I have at hand a New Year's greeting card for next year. It has a design of a puppy in the corner where the postage stamp is to be affixed. As always, I suppose I won't be writing anything in the blank space until it's almost next year.
For novelist Shotaro Ikenami, it was never too early to start working on his New Year's greeting cards. He wrote in an essay: "Shortly after New Year's Day, I draw my design for the following year's card and send it to the printers." The essay is from "Sakka no Shiki" (A novelist's four seasons) published by Kodansha.
People would roll their eyes at his obsessive punctuality and impatience, he wrote, but his excuse was that he would never be able to send out his 1,000-plus cards in time if he started writing them at the year-end like everybody else.
From summer through autumn and into December, Ikenami would write the addresses bit by bit, enjoying the process. "It is like practicing calligraphy because of my terrible handwriting.
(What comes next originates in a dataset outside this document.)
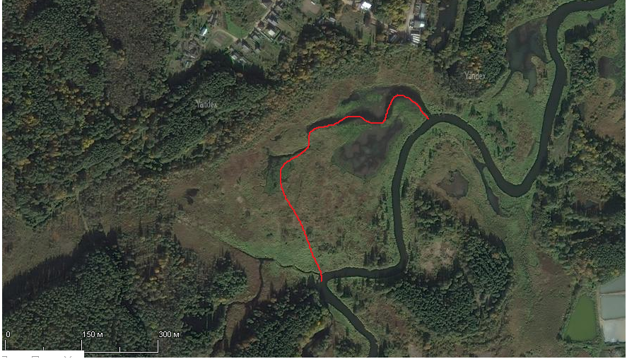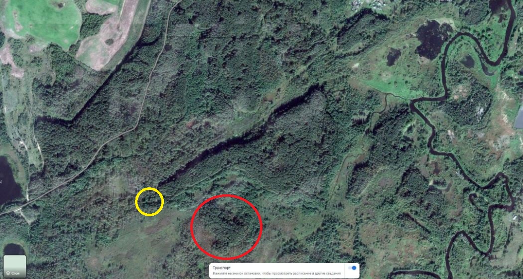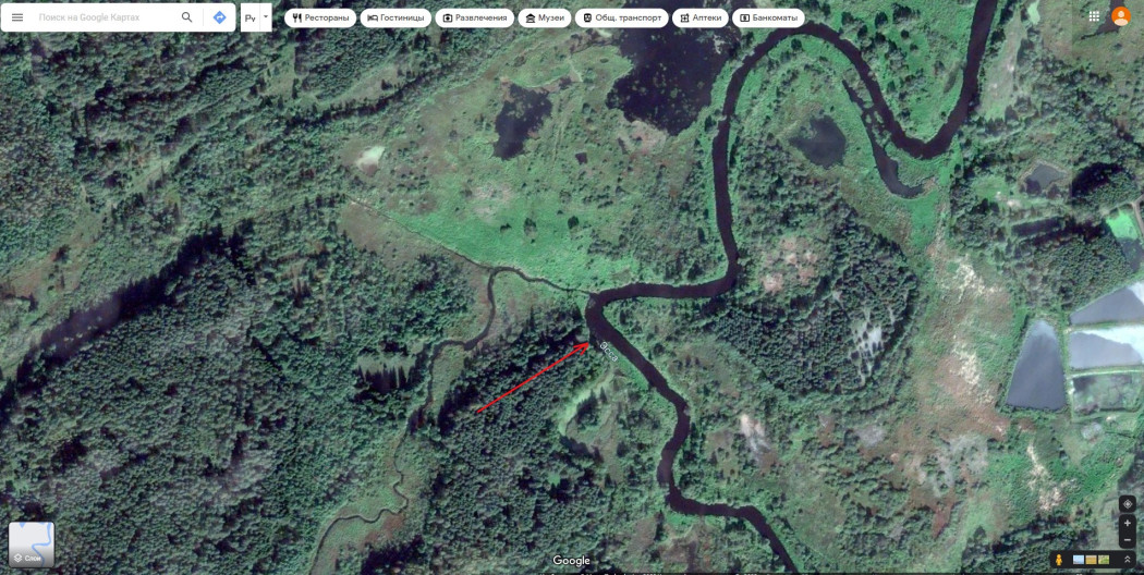 Слева параллельно дороге тянется хорошо видимое болото. Узкое. За ним – подобная Гайку виретия. Проходимцу хочется попасть и на неё. Для того спускается с гребня гряды. Сунется в болото. В нём – вода и, по всей видимости, речка или канал по центру.

The task also makes me recall the names of people I am starting to forget, and this serves to stimulate my deteriorating memory."
The essay was written 20 years ago, when Ikenami was in his 60s.
From around early November into December, postcards begin trickling in with the message: "As I am in mourning, I will refrain from sending you my New Year's card next year." In most cases, I already know about the bereavement. Sometimes, however, the news comes as a surprise and saddens me.
Because Ikenami always had his next New Year's cards printed and delivered to his home way ahead of time, a family member once asked him, "What should we do with these cards should something happen to you?" Ikenami answered, "Never mind, just send them off as usual."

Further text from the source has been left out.